== AVAILABLE DATA ==
>>>
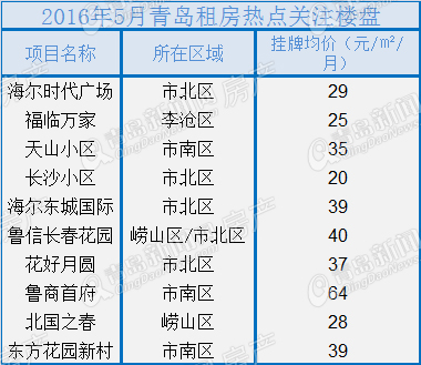5月青島租房熱點(diǎn)關(guān)注樓盤(pán)
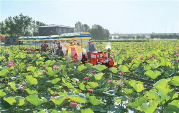 游客在河南焦作黃河龍澤園乘游覽小火車(chē)賞荷。劉金元 攝
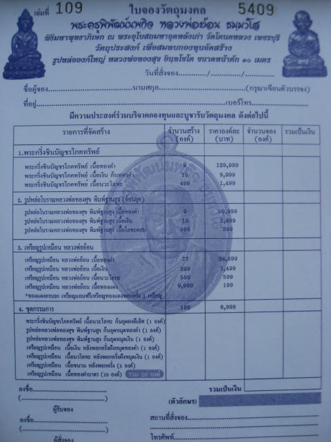 -วัตถุประสงค์ : เพื่อสมทบทุนร่วมจัดสร้างรูปหล่อองค์ใหญ่ หลวงพ่อทองศุข อนฺทโชโต ขนาดหน้าตัก 9.9 เมตร...
<<<
== YOUR ASSIGNMENT ==
Only the pictures are to be dropped; the rest of the material above must be duplicated exactly.

== RESULT BELOW ==
5月青島租房熱點(diǎn)關(guān)注樓盤(pán)
 游客在河南焦作黃河龍澤園乘游覽小火車(chē)賞荷。劉金元 攝
 -วัตถุประสงค์ : เพื่อสมทบทุนร่วมจัดสร้างรูปหล่อองค์ใหญ่ หลวงพ่อทองศุข อนฺทโชโต ขนาดหน้าตัก 9.9 เมตร...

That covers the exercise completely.